I’d never tried anything like this before, and I hadn’t been sure it would work. But hair growth was the first magic I’d mastered and still the one I was best at. If there was anything I could command without a devil’s hair, the Golden Key, or True Love’s First Kiss, it would be this.
I didn’t dare let my concentration drop.
By this time I no longer saw anything but my own tresses, the whole of my vision a wall of snarled brown curls.
The monsters screamed, and the stone walls groaned with the strain as the hair took up all the room in the chamber and continued to pack more densely, seeking space that wasn’t there.
It pressed against me, threatening to push me out the window.
I let it.
The moment I was outside, the noises cut off. Frigid air hit me like a slap. I dropped a short distance and stopped with a jolt that threatened to rip my scalp off.
Above me, my hair pulled taut, rising straight up until it vanished into thin air. To all appearances, I was dangling from nothing above the ruined building where Sam and I had spent the night.
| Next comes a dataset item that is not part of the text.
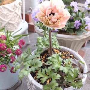 <アネモネ ダブル ピーチ> <プリムラ><ビオラ> アネモネさん😅また変化。 初めての濃いピンク色ではないこが2輪目にミックスで咲き→花びらの形状をかえて色まで変化。。夜眠る度に変化してるよう…よく咲くアネモネはよく変わるアネモネみたいです。 この色も可愛くて好き💕 ※1/19→1本目 2/14→2本目 今日のは2本目の色変化です🌼

Whatever spell Angelique had used to make the upper floor invisible and inaudible, it was a strong one.
The tug on my scalp became more uncomfortable with every passing second.
I focused on lowering myself to the ground.
As I did so, the air in front of me began to glow with a golden, misty light.
It quickly spread to the stone building below.
The entire structure must have been a magical construct of some kind, and my hair, still expanding within it until the very stones cracked, was breaking the spell.
I sped up my descent, not wanting to find out what would happen if it reverted to its original form while I kicked in midair.
Just as my feet touched the earth, the tower collapsed in on itself, twisting and shrinking until it was an acorn that hovered in the air for a fraction of a section before dropping into the snow.
Twenty feet of hair fell around me, sheared off at the end by the vanished window but heavy enough to land with a thump even so.
I was relieved that I’d been spared from being crushed under the thousands of pounds of it that had vanished along with the tower.
Without question, I hadn’t thought this plan all the way through.
Angelique was nowhere to be seen. Had she suffocated in my runaway locks, or been transformed into an oak seed? Or simply been crushed to death when the spell broke, compressed to the size of an acorn?
I was still wondering when a huge dark bird, easily twice my size, dove out of the sky with an ear-piercing cry. Its talons reached for my neck.
I barely managed to fling myself out of the way before it could rip out my throat. As it hurtled past, I saw that it had Angelique’s warm brown eyes, narrowed in fury.
Her offer of an alliance had not extended past my second attempt to kill her.
She reached the edge of the clearing that used to house the tower and wheeled around for another go. Out of ideas, good and bad alike, I gathered my hair in my arms and ran.
My effort was doomed from the start. I still had too much hair dragging behind me, catching on roots and shrubs.
Even if I’d had the means to cut it off, she could fly faster than I could run.
I’d stumbled no more than a few feet out of the clearing when the bird’s shrieking cry sounded just behind me.
Then something narrow and bright flew past my head. I heard a thud of impact as I dove to the ground. With a flutter of wings, the bird changed course, veering up to the treetops.
I glanced up. A huge sword was sticking out of a tree, vibrating like a plucked guitar string. Who had thrown a sword?